- [What the exercise asks]: Using the material below, print the line that contains "炬华科技(300360.SZ", the line that contains "This terrace transforms", and every line in between, exactly and nothing else.

- [Record excerpts]:
--- START ---

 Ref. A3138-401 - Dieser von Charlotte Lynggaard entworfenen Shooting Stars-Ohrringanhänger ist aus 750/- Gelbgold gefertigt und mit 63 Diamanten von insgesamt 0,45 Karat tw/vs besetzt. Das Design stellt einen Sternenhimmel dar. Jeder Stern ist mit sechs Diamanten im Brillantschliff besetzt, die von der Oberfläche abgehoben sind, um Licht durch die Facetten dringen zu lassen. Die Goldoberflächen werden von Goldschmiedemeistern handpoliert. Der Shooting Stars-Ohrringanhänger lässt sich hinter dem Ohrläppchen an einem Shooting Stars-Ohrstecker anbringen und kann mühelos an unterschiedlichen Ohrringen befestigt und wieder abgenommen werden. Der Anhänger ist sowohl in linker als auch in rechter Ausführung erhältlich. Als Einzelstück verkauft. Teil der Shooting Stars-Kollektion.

--- END ---
--- START ---

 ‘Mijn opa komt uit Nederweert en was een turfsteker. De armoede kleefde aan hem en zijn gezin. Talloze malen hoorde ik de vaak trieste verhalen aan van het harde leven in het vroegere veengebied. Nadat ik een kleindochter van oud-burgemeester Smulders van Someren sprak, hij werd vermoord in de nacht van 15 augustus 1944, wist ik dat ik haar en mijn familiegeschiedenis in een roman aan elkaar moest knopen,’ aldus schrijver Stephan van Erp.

--- END ---
--- START ---

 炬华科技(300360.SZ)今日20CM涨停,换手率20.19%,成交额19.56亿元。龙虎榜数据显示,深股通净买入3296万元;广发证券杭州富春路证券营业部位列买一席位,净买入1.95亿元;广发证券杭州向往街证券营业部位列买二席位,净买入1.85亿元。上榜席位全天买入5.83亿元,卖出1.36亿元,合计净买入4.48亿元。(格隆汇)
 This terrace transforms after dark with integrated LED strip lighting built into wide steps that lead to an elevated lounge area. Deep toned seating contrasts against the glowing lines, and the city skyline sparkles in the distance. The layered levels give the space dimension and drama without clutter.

--- END ---

- [Answer section]:
 炬华科技(300360.SZ)今日20CM涨停,换手率20.19%,成交额19.56亿元。龙虎榜数据显示,深股通净买入3296万元;广发证券杭州富春路证券营业部位列买一席位,净买入1.95亿元;广发证券杭州向往街证券营业部位列买二席位,净买入1.85亿元。上榜席位全天买入5.83亿元,卖出1.36亿元,合计净买入4.48亿元。(格隆汇)
 This terrace transforms after dark with integrated LED strip lighting built into wide steps that lead to an elevated lounge area. Deep toned seating contrasts against the glowing lines, and the city skyline sparkles in the distance. The layered levels give the space dimension and drama without clutter.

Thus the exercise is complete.